Retype every line from the start of the entries below down to the line with "A playful happy", both ends included; skip the pictures.
|---|
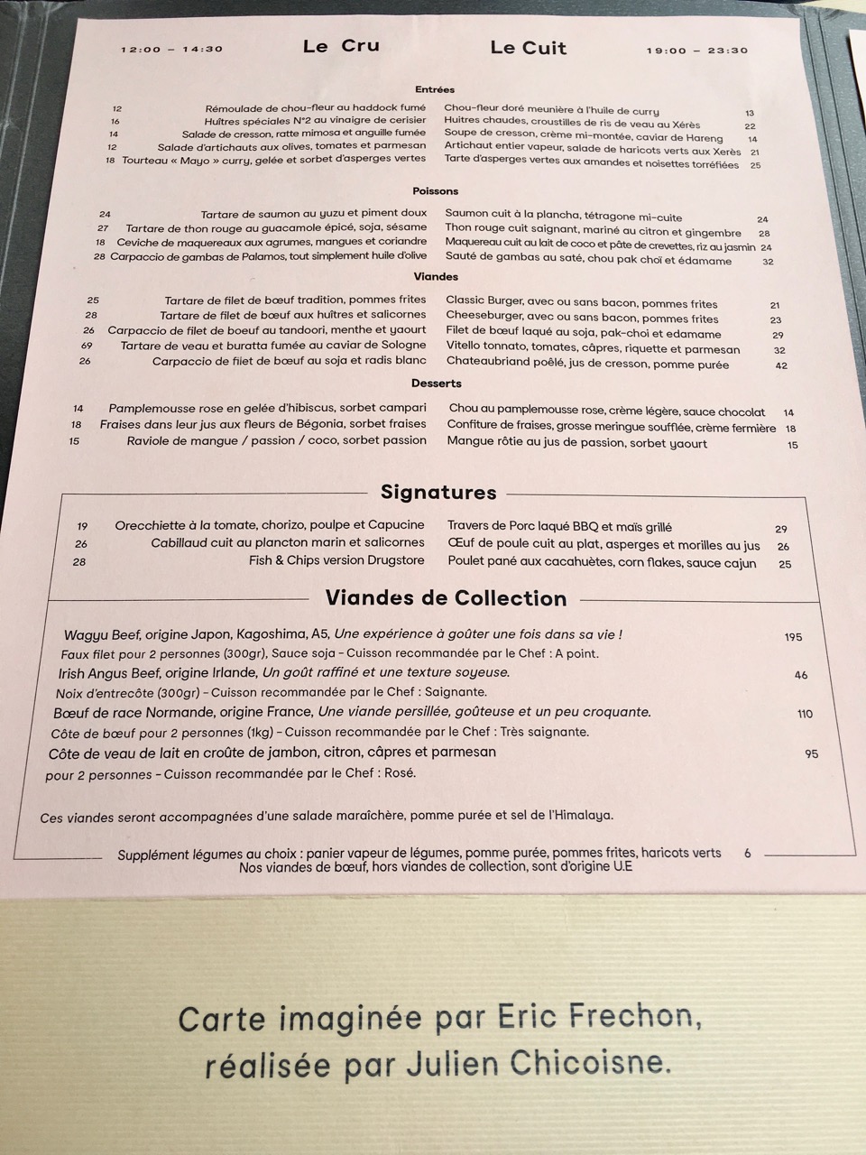 Dans les cuisines, Eric Frechon, déjà à la tête de plusieurs restaurants dont l’Epicure triplement étoilé de l’hôtel Bristol. Enfin, quand je dis « dans les cuisines », je m’emporte. En effet, il a « imaginé » la carte, laissant le soin à d’autres de la mettre en oeuvre. Le parcours d’un chef qui finit par devenir une marque et un chef d’entreprise. D’autres noms viennent d’ailleurs à l’esprit sur ce modèle. Passons.
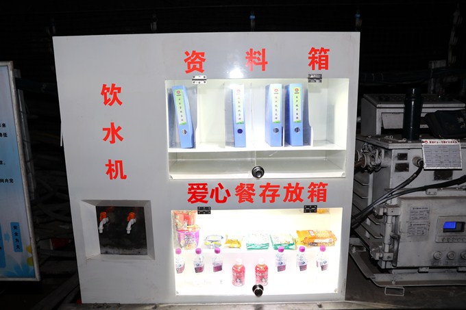 “愛心小超市”門口左側(cè)安裝了防爆飲水機(jī),可隨時(shí)為職工提供免費(fèi)開水,在防爆水箱的上面安裝了防爆電熱爐,可以加熱職工自帶的班中餐或礦上送的午餐。同時(shí),在防爆飲水機(jī)右側(cè)的貨架上,還放置了紅茶、純凈水、火腿腸、方便面、餅干等飲料和食品,并配備了常用藥、酒精、紗棉等井下急救用品的急救藥箱。
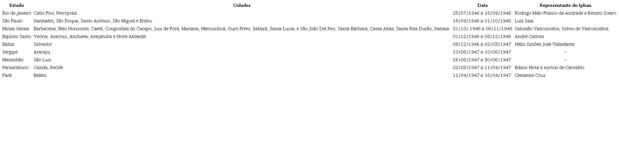 Passados dez anos de seu primeiro contato com o país, Robert Smith retornou ao Brasil em 1946, com apoio da Fundação Guggenheim. O ano de 1946, pós-Segunda Guerra Mundial, marcava o fim do Estado Novo e a inserção de um regime democrático com o governo de Eurico Gaspar Dutra. Nessa segunda visita, as redes de colaboradores do antigo Sphan, que, em 1946, passou a ser denominada Diretoria do Patrimônio Histórico e Artístico Nacional (Dphan),54 estavam consolidadas nos diferentes estados.
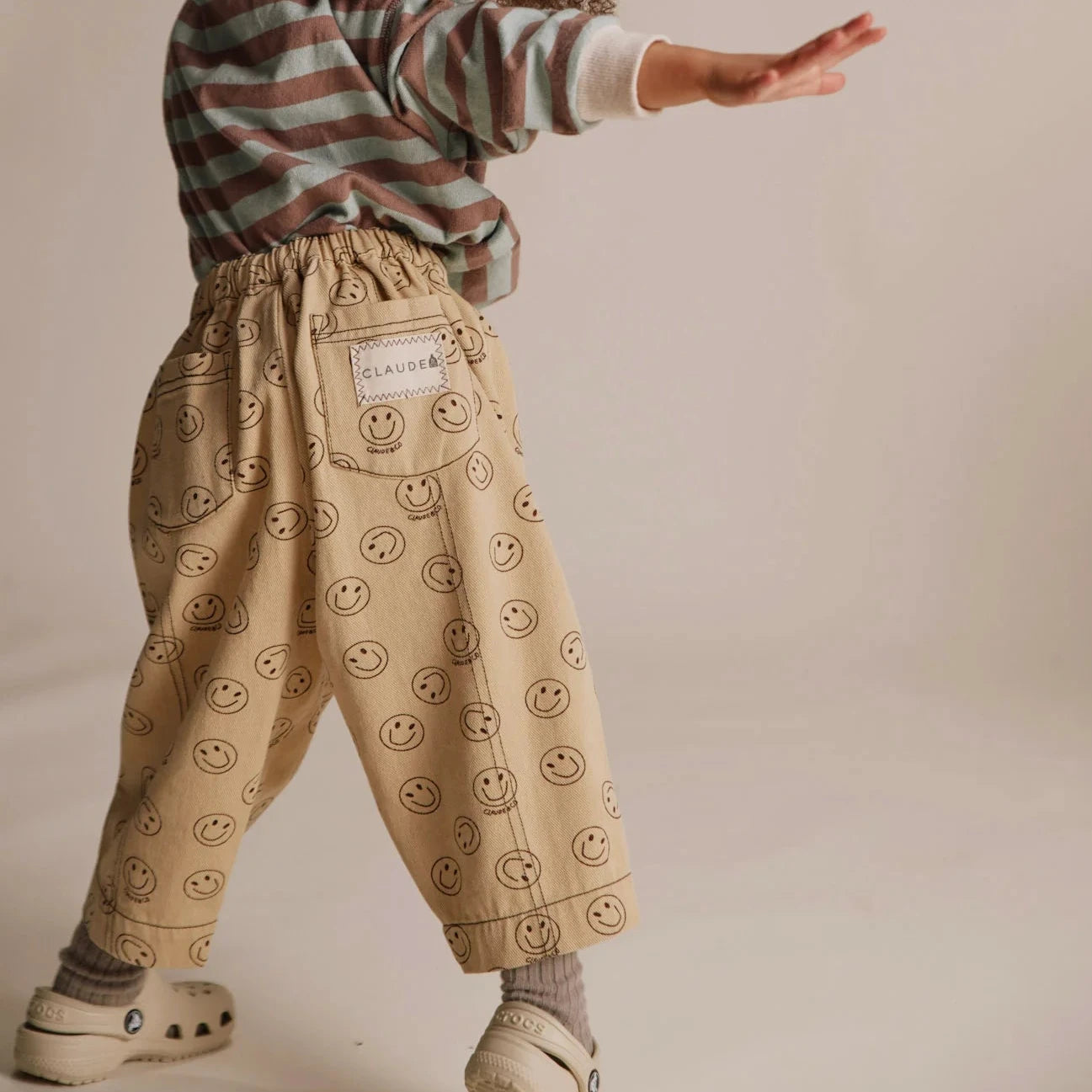 A playful happy face print in a neutral butter shade, these trousers are the perfect addition to add to your child’s wardrobe. A wide baggy oversized fit in Organic Cotton will mean ultimate comfort whilst they explore for the day. Let the trousers do all the talking and team with neutrals or contrasting colours.
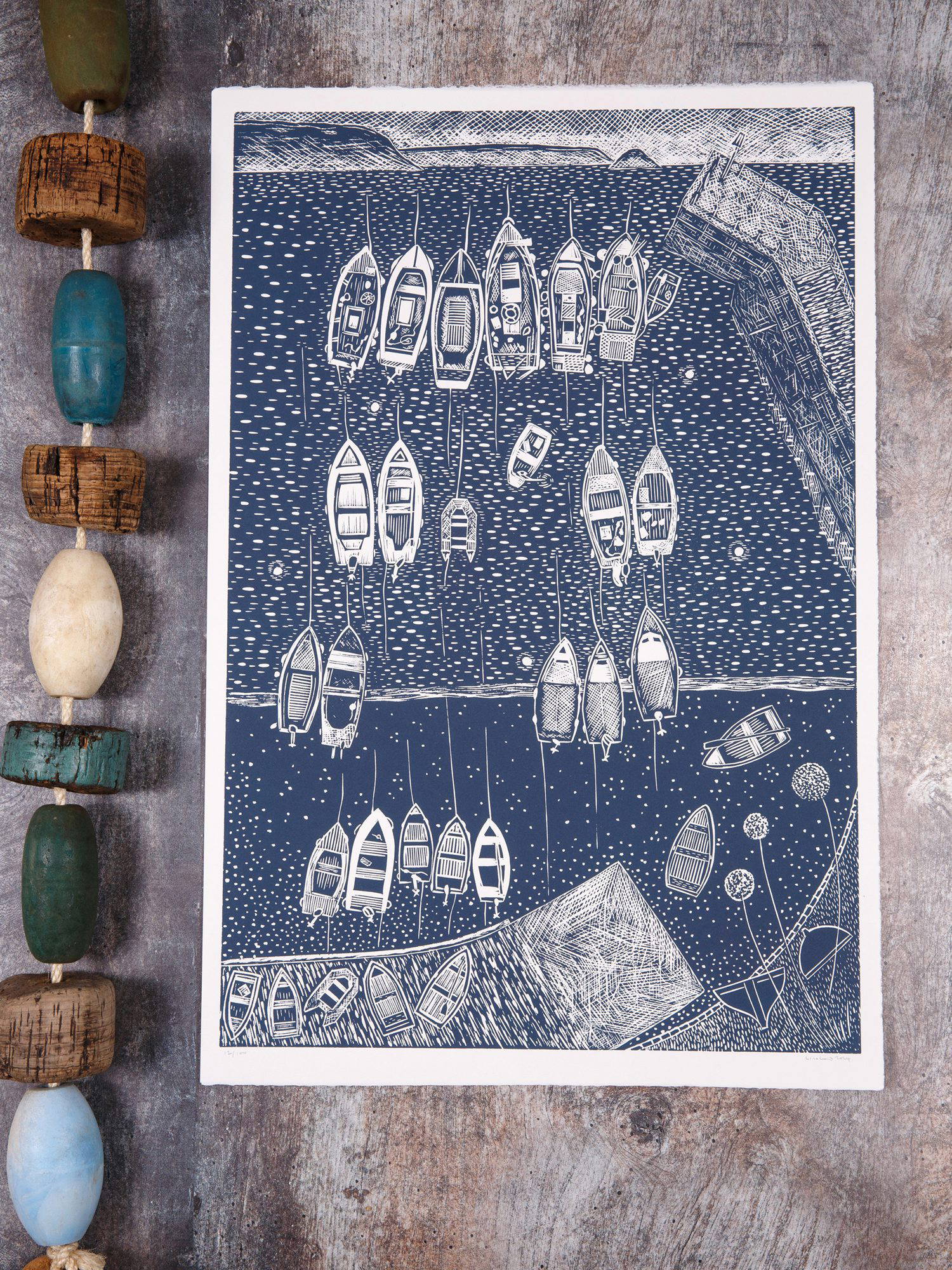 Min stil är definitivt influerad av min fotografering och att se världen genom en lins. Mina linoleumtryck är ganska grafiska och jag tycker om att leka med negativa former såväl som själva motivet. Jag brukar arbeta i en färg – min egen.Lino Lord Lugger BlåEn fyllig blå/svart färg, jag tycker att den passar mitt arbete som ofta är influerat av havet och mina korniska rötter. Den passar också bra i folks hem, vilket är viktigt.
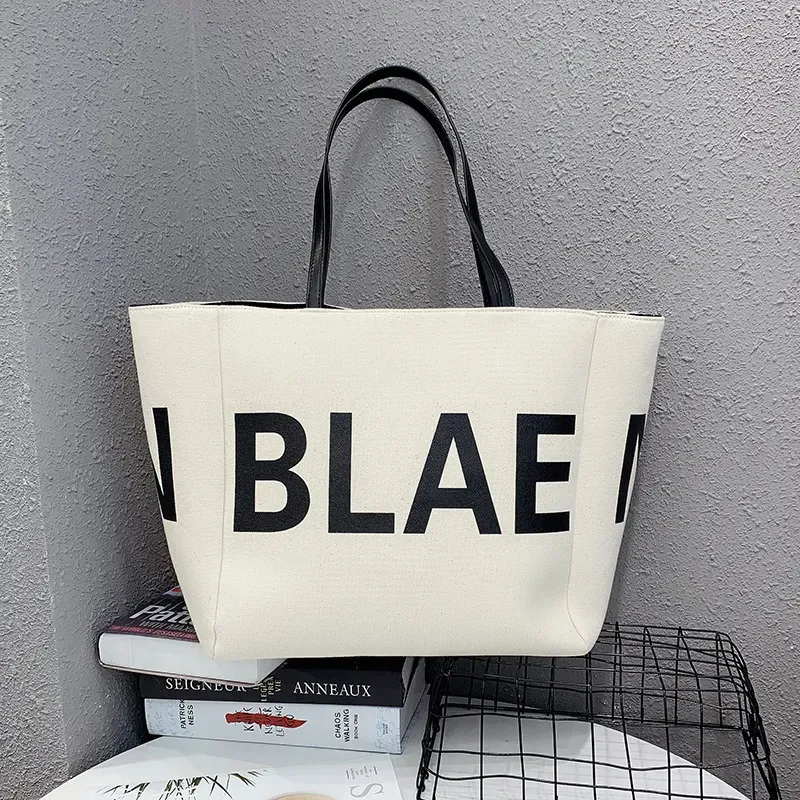 Embroidered Women Casual Design Solid Color Letter Pattern Canvas Large Capacity Shoulder Handle Tote Bag
|---|
## Result for this exercise
 Dans les cuisines, Eric Frechon, déjà à la tête de plusieurs restaurants dont l’Epicure triplement étoilé de l’hôtel Bristol. Enfin, quand je dis « dans les cuisines », je m’emporte. En effet, il a « imaginé » la carte, laissant le soin à d’autres de la mettre en oeuvre. Le parcours d’un chef qui finit par devenir une marque et un chef d’entreprise. D’autres noms viennent d’ailleurs à l’esprit sur ce modèle. Passons.
 “愛心小超市”門口左側(cè)安裝了防爆飲水機(jī),可隨時(shí)為職工提供免費(fèi)開水,在防爆水箱的上面安裝了防爆電熱爐,可以加熱職工自帶的班中餐或礦上送的午餐。同時(shí),在防爆飲水機(jī)右側(cè)的貨架上,還放置了紅茶、純凈水、火腿腸、方便面、餅干等飲料和食品,并配備了常用藥、酒精、紗棉等井下急救用品的急救藥箱。
 Passados dez anos de seu primeiro contato com o país, Robert Smith retornou ao Brasil em 1946, com apoio da Fundação Guggenheim. O ano de 1946, pós-Segunda Guerra Mundial, marcava o fim do Estado Novo e a inserção de um regime democrático com o governo de Eurico Gaspar Dutra. Nessa segunda visita, as redes de colaboradores do antigo Sphan, que, em 1946, passou a ser denominada Diretoria do Patrimônio Histórico e Artístico Nacional (Dphan),54 estavam consolidadas nos diferentes estados.
 A playful happy face print in a neutral butter shade, these trousers are the perfect addition to add to your child’s wardrobe. A wide baggy oversized fit in Organic Cotton will mean ultimate comfort whilst they explore for the day. Let the trousers do all the talking and team with neutrals or contrasting colours.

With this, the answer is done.